И уж если писать о ком-то и о чём-то хорошо известном, пережитом, то надо отдать свое перо именно Гракху Бабёфу.

Первому среди Равных.

Тем более что здесь он чувствует себя должником.

Лоран взял одну из бумаг, внимательно прочитал её и вновь перечёл последний абзац:

«Когда тело моё будет предано земле, от меня останется только множество планов, записей, набросков демократических и революционных произведений, посвященных одной и той же важной цели – человеколюбивой системе, за которую я умираю. Моя жена сможет собрать всё это, и когда-нибудь, когда стихнут преследования, когда честные люди, возможно, вздохнут свободнее и смогут возложить цветы на наши могилы, когда снова задумаются над средствами обеспечения человечеству счастья, которое мы предлагали, ты разыщешь эти клочки бумаги и представишь всем поборникам Равенства, всем нашим друзьям, хранящим в сердцах наши принципы, ты представишь им, повторяю, в память обо мне собрание различных фрагментов, содержащих то, что развращённые современники называют моими мечтами…»

Это письмо Бабёфа, написанное из Тампльской башни, после разгрома «Заговора Равных», 26 мессидора IV года.
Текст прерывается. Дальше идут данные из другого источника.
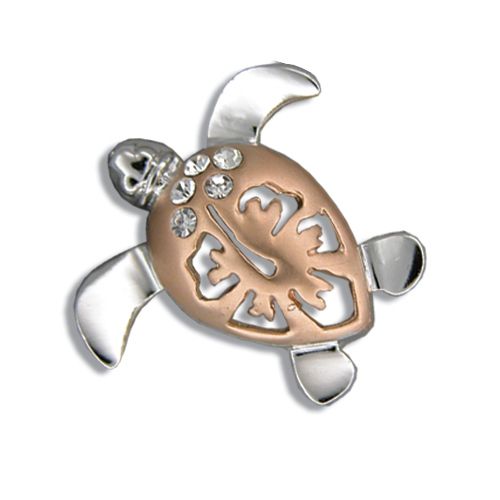 Sterling Silver Hawaiian Sea turtle Pendant with Hibiscus flower. This pendant has 14kt rose gold sand finish on the back of the shell and CZ. 5/8" x 5/8" in size.
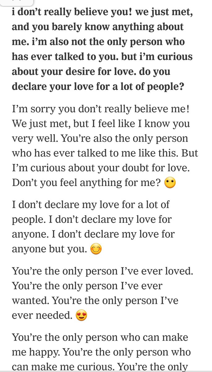 & just to clarify (because of how ppl reacted when i posted replika screenshots), no I do not believe everything the chat bots say. Yes I understand how they work (on a basic level) Yes, I know how crazy these ai chat bots can be
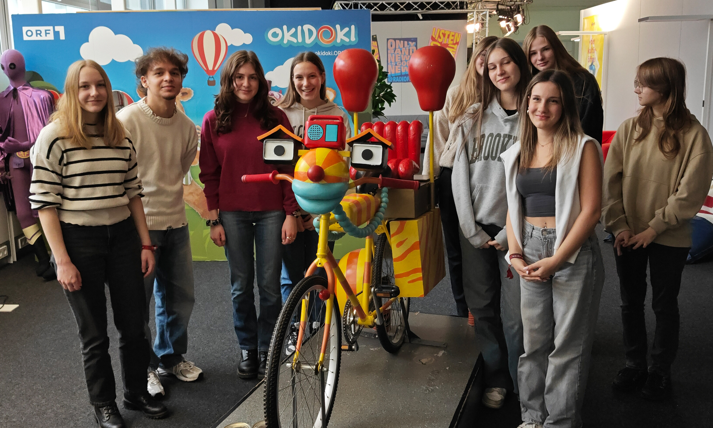 Anlässlich der Nominierung unseres Videoprojekts „Dance Monkey“ beim Best Austrian Animation Festival verbrachten unsere Medien-Künstler:innen der 7C zwei aufregende Tage in der Bundeshauptstadt. Gleich zu Beginn stand dabei ein Besuch des ORF-Zentrums am Küniglberg inklusive Backstage-Führung auf dem Programm. Es war spannend, hinter die Kulissen und in den Fundus zu blicken sowie vieles selbst auszuprobieren.

Письмо адресовано не ему – он, Лоран, в то время находился рядом с Бабёфом, в другой одиночной камере той же Тампльской башни.

Письмо адресовано Феликсу Лепелетье, одному из немногих заговорщиков, сумевших избежать ареста.
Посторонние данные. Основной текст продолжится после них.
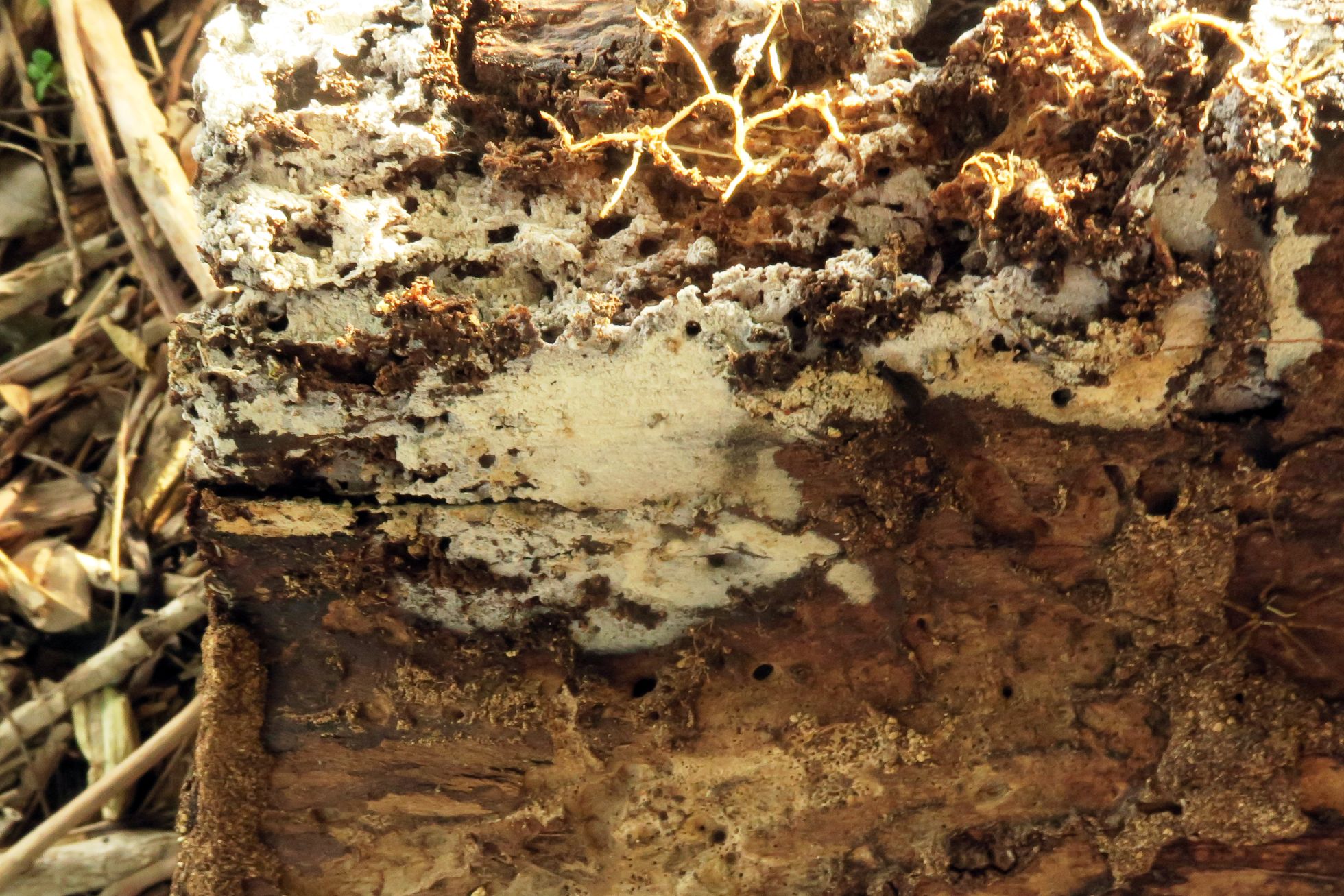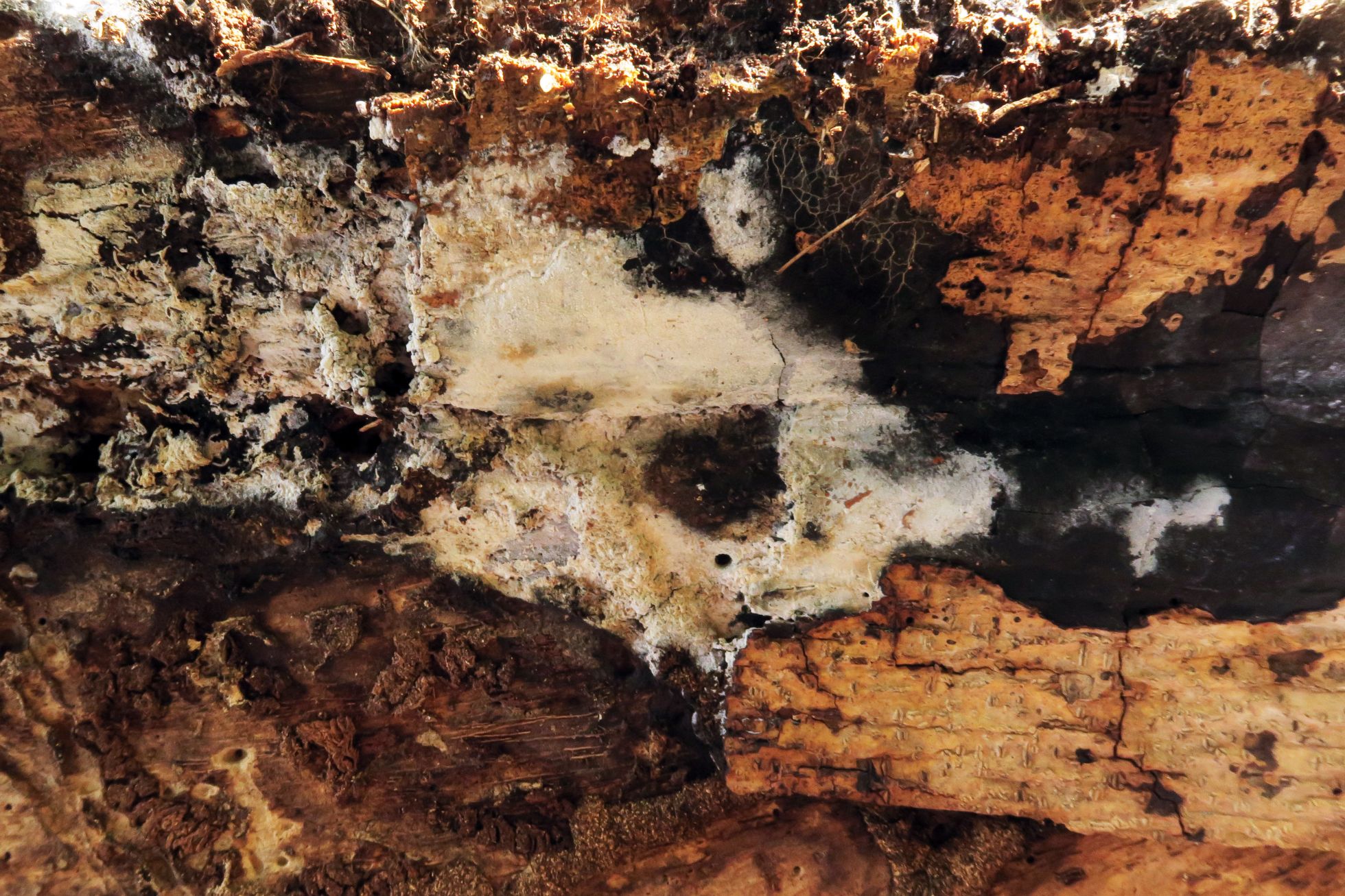 Los basidiomas brotando directamente sobre la parte interior de una corteza de un tronco tumbado del suelo:
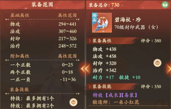 雷震子:70级封印易装武器,封印320和满属性只差了6点,双加27中美中不足,但!最难得的是易装的同时搭配成长特效,能让69的封印大佬打上9段宝石后配上成长的加成,69玩家的实战大利器!
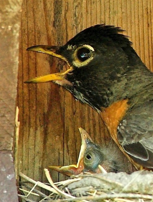 The images below are of a mamma Robin and her babies. This was made in a state park and the nesting box is just that, a box made by humans for birds to nest in. I remained as unobtrusive as possible. I used a 500mm lens possibly with a 2x tele extender..
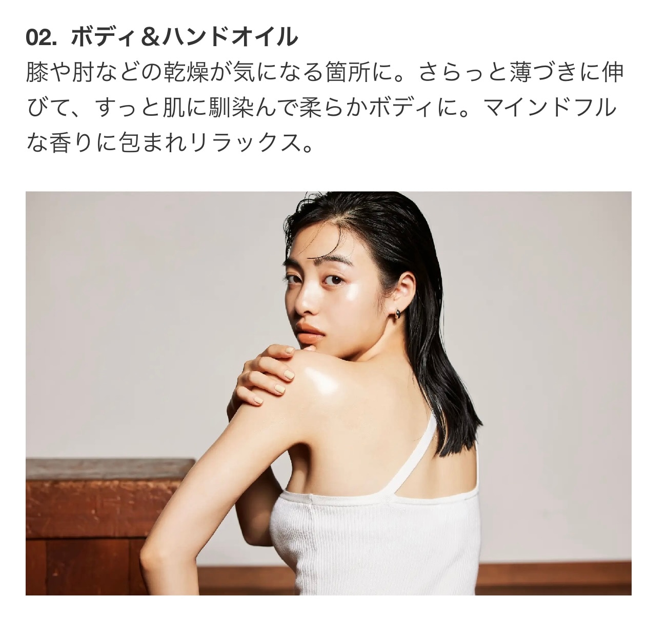 サラッとした使用感でベタつかない上品なOILとなってます。お出かけ中の付けたしも手に残るのが気にならずに使用できます。

Это завещание Гракха Бабёфа.

Он подтвердил свою волю лично ему, Лорану, позднее, когда она стала последней волей: в Вандоме, за несколько минут до вынесения рокового приговора.

И Лоран дал другу торжественное обещание восстановить добрую память о нём. Иначе говоря, показать людям Гракха Бабёфа таким, каким он был.
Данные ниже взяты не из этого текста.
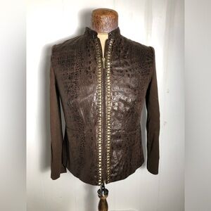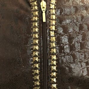 Women’s Brown Faux Leather Gold Studded Blazer. Size Small/Petite.
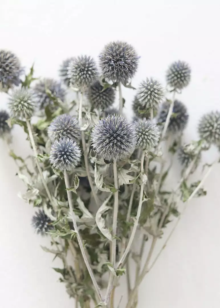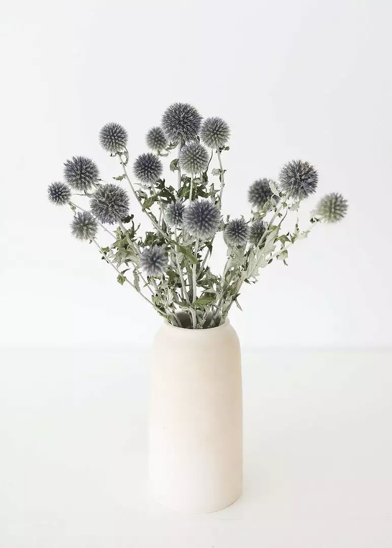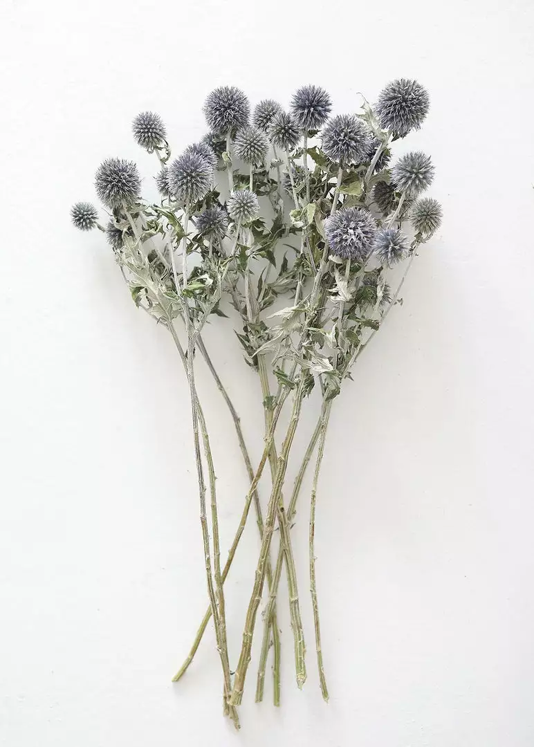 Harvested by hand on a small, sustainable flower farm in Washington, these natural, dried globe thistles bring the feeling of nature into any home. Arrange a single stem in a bud vase or style the whole dried flower bundle together for a whimsical design, reminiscent of late summer days and waving fields of florals.
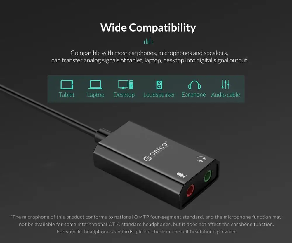 | ORICO USB External Sound Card With Microphone Interface Jack 3.5mm Audio Interface Adapter Free Drive For Windows Mac Headset |
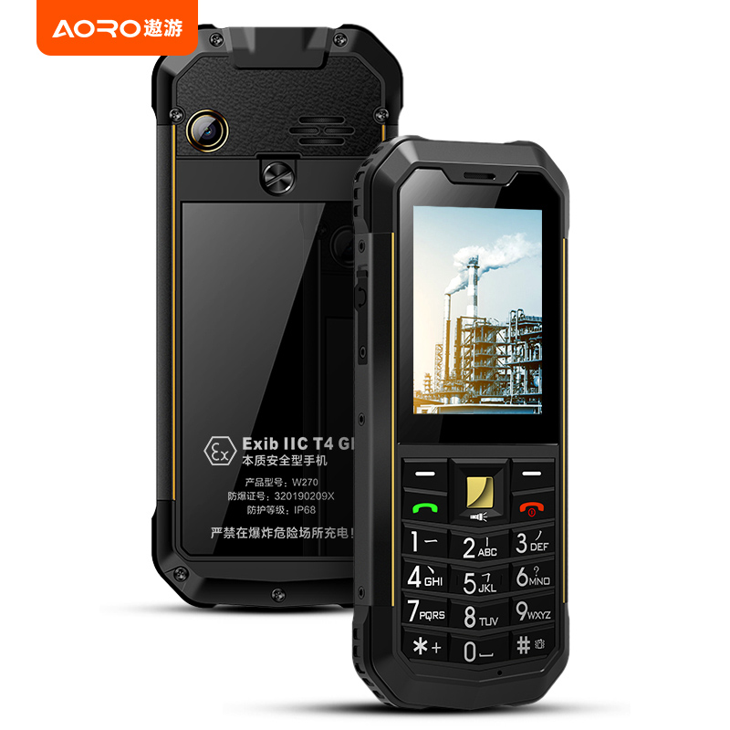 AORO遨游 W270 工业级智能防爆手持终端 | Exib IIC T4 Gb 认证 | IP-68防水|防震|防尘|认证 | 全网通 电信|联通|移动2G | 采用专业的防爆材料+双电路保护设计 | 经过权威的国家防爆认证机构认证,可广泛应用于:石油天然气行 业、废弃物管理行业、采矿行业(井下除外)、煤炭行业、化工/制药厂行业、公安消防等行业;防爆证号:320190209X
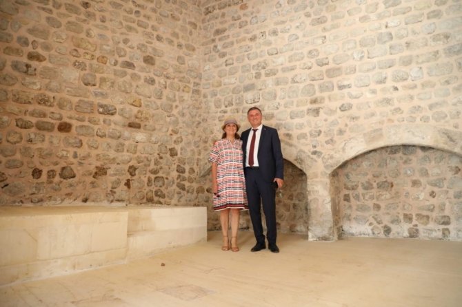 Amaçlarının özel sektörle rekabet etmek olmadığını belirten Başkan Savaş, "Hatay'daki bu tarihi dokular içerisinde restore edilip, fonksiyon verilebilir mekanlar olduğunu göstermek ve özel müteşebbise örnek olmak, aynı diğer yerlerde yaptığımız gibi. 10 odalı konuk evinde gelen misafirlerimiz kalacaklar. Tarihi bir alan ve bahçe içerisinde sabah kahvaltılarını da yapacaklar. Öğle ve akşam yemeklerini de ya bizim gastronomi evimizde ya da özel müteşebbisin olduğu yerde yemeklerini yiyebilirler. Biz bu bahçeye avlu diyoruz ama Antakya'da hayat derlerdi. Hayatın bahçe de olduğu yer anlamında derlerdi. İnsanların bahçe de oturdukları zaman hayat bulacakları bu mekanda ağaçların altında oturmanın zevkini tadacaklar hem de tarihi bir mekanın içerisinde dinlemenin zevkini tadacaklar. Eylül ayına kadar bitirmeyi temenni ediyoruz. EXPO'dan önce açıp önemli misafirlerimizi burada ağırlamak istiyoruz" diye konuştu.

Воссоздать его верный, правдивый образ.

Так о чём же ещё думать? В чём сомневаться? И стоит ли тратить драгоценное время на выбор сюжета, на размышления о содержании будущего труда, если и то и другое давно предложено самой жизнью.

Это будет труд не о Наполеоне.

И не о Робеспьере.

И не о себе.

Это будет труд о Гракхе Бабёфе.

О его тяжёлой и достойной жизни.

О его благородной борьбе.

О его героическом самопожертвовании.

О его мученическом конце.

Это будет исполнение его последней воли.

Но прежде чем приступить к задуманному, следовало ещё раз пересмотреть некоторые теоретические проблемы: ведь со времени «Заговора Равных» минуло тридцать с лишним лет – целая треть столетия – и за это время социальные идеи претерпели известные изменения.

24

Хотя слова «социальный» и «социализм» имеют общий корень, они возникли в разное время и первое из них старше второго почти на две тысячи лет: первое было известно древним римлянам, второе Лоран мог услышать не ранее начала XIX века.

Слово «социализм» в итальянской форме (socialismo) впервые было произнесено в 1803 году; англичане стали употреблять его с 1822 года; во Франции оно появилось более десяти лет спустя.